Robert Hamilton Kelly: That varies significantly across players in the space, but we have con­sistently focused on differentiated mid-market firms that we believe have their best days ahead of them. We look for high-quality teams with a top-quar­tile track record, which have shown a strong ability to manage their business in a thoughtful and responsible way. These are firms that will have demon­strated strong pricing power due to excess investor demand and moderate fund sizes. 

These types of firms typically value our partnership. There is only so much we can do to help a $200 billion me­ga-platform that already has enormous resources, but there is a lot we can do to help a $5 billion firm. It is also far easier to grow a $5 billion firm into a $10 billion firm than it is to grow a $50 billion firm into a $100 billion firm. 

Finally, because there are so many mid-market firms to choose from, that creates a strong negotiating dynamic on entry, while there is only a small number of very large private markets platforms that exist today.

What do you believe the future holds for the GP stakes industry, and for your firm in particular?
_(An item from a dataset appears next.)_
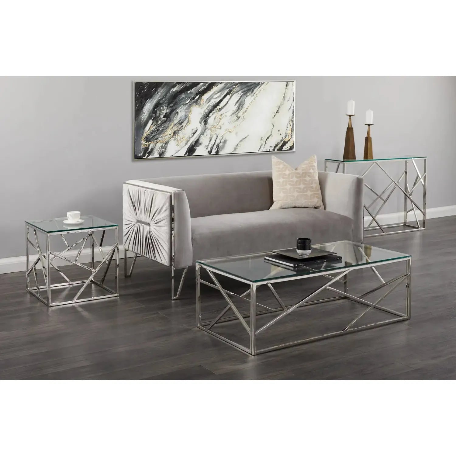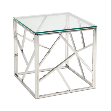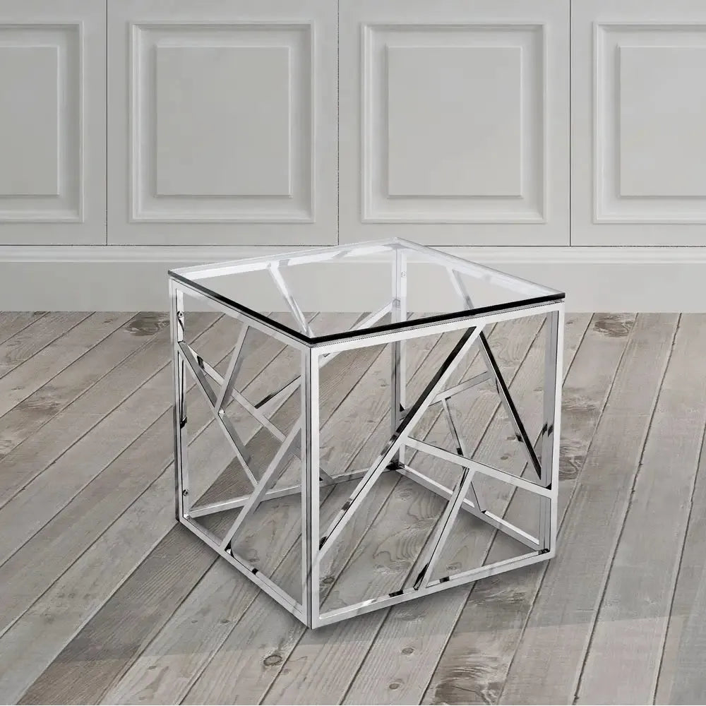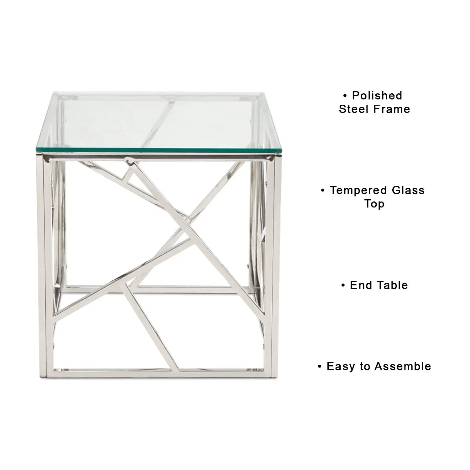 Carole Glass End Table for Living Room – Polished Steel & Modern Style

Robert Hamilton Kelly: Our singular focus on mid-market firms has played out well so far, and we are still very early on in that opportunity set. There are a substantial number of firms in this space and that number is only growing every year. 

Meanwhile, there is a clear trend among GPs more broadly to develop balance sheet flexibility. The very largest firms are using multiple sources of long duration capital from institutional, retail to even lock up and insurance capital on their balance sheets to enable them to be front footed about new opportunities. I think the rest of the market is thinking in those terms as well.
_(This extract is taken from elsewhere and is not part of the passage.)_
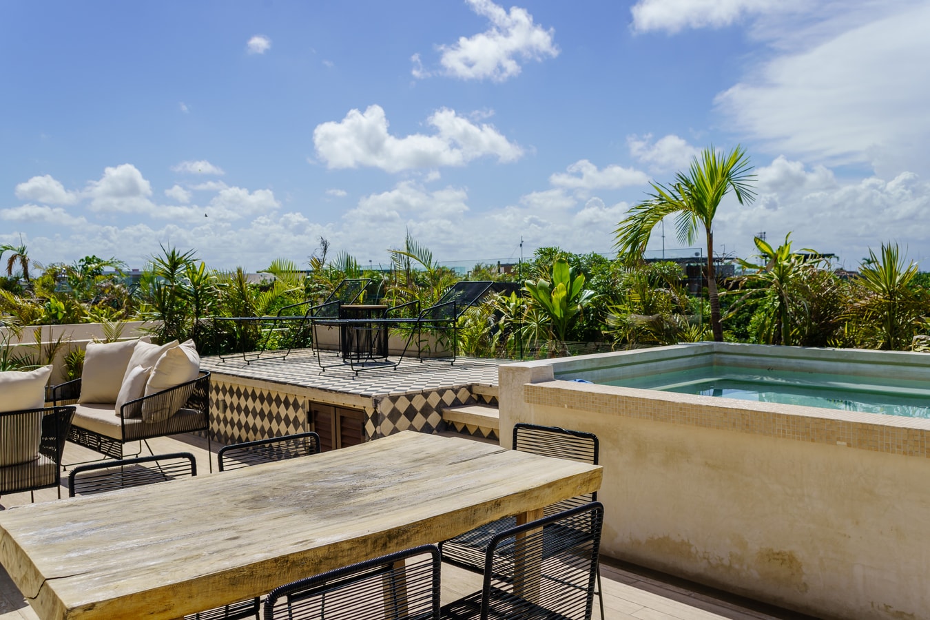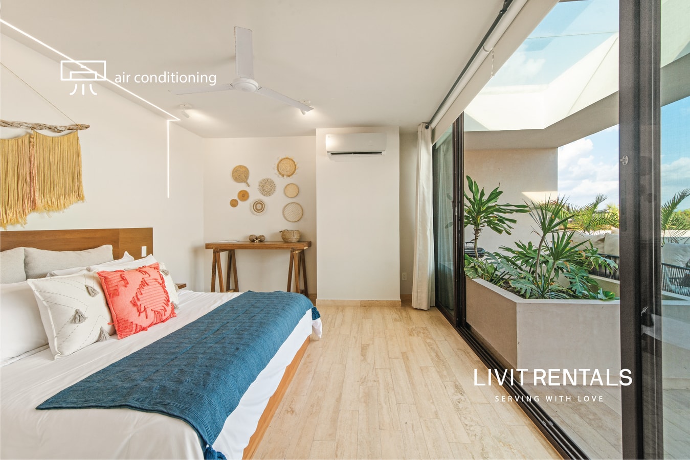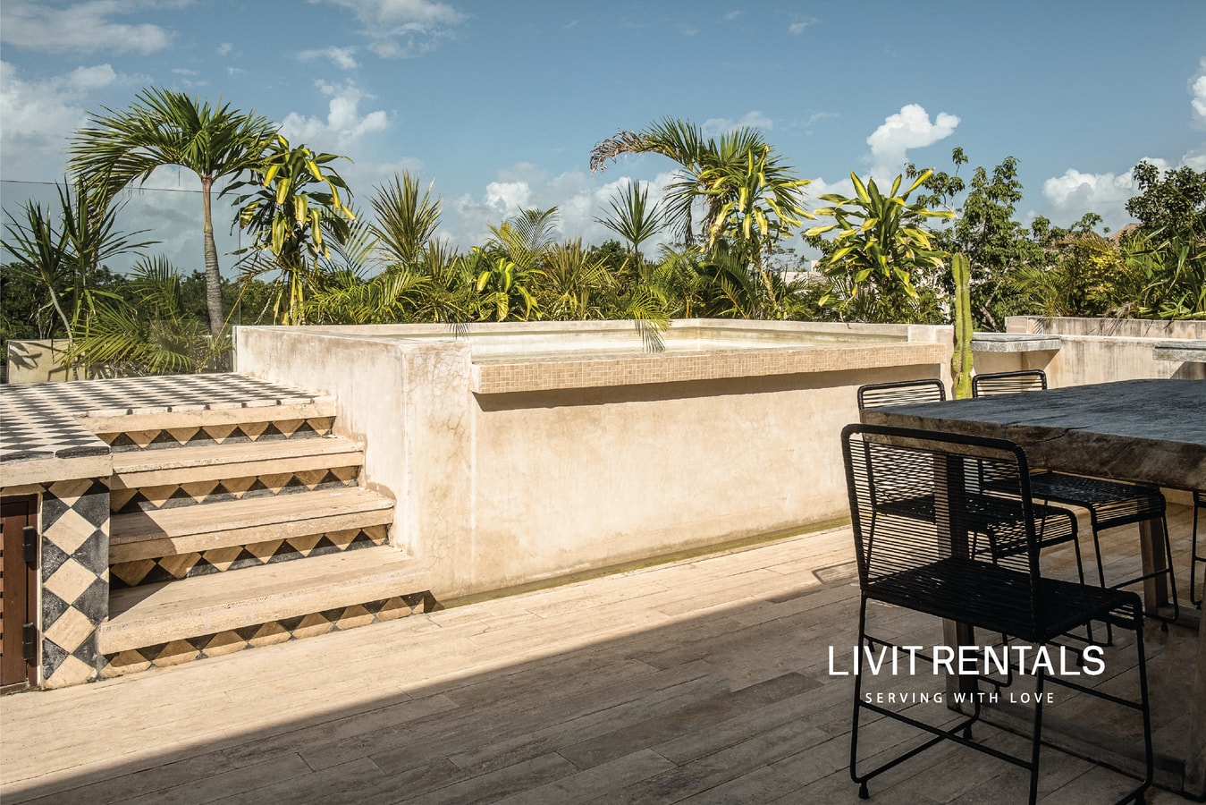 view 3 bedroom PENTHOUSE with 270 square mts/2.900 square ft, located in the Heart of Tulum, Aldea Zama. Approx. 15 mins away from the Beach & Hotel Zone .Four double beds and one king bed with room for 10 people

We will continue working with our partner firms, helping them achieve their goals and putting follow-on capital to work where needed. 

Meanwhile, we also stand to benefit from ongoing industry consolidation as larger alternatives businesses seek to buy high quality mid-market firms to build out their platforms.

What are the key challenges involved in GP stakes investing, and what qualities should investors look for in a manager to mitigate those risks?

Ali Raissi-Dehkordy: Alignment is absolutely essen­tial. We want to ensure management retains majority ownership and that the results the firm produces are going to drive the future wealth creation op­portunities of that team. It is important that any transaction we enter into does not alter those dynamics, disincentivis­ing future performance. 

It also helps, of course, that we en­tered this space before the GFC and have now been through multiple mar­ket cycles. We have been able to test as­sumptions and observe how firms have performed in terms of actual cashflow versus marking to model. That operat­ing track record gives us market insight into the investment activity and per­formance of underlying GPs, which is hard to replicate. When coupled with Goldman’s interactivity in the private capital space as both an LP and service provider, we have a rare depth of data. 

LPs considering investing in a GP stakes manager need to understand the GP stakes investors data and how they intend to diligence and underwrite the positions they take. The importance of that insight has only become more acute in the nuanced fundraising en­vironment that we have experienced for the past two years: some firms are exceeding target today, while others are struggling. That is a real departure from what we have seen over the prior decade where strong markets and fund­raising didn’t really test assumptions. 

This is an environment that will re­veal whether stakes investors have been making the right assumptions around investment pacing, fundraising and re­alisations, or whether they have been optimistic. There have been a number of new players entering the GP stakes industry, and it remains to be seen how those new entrants will fare.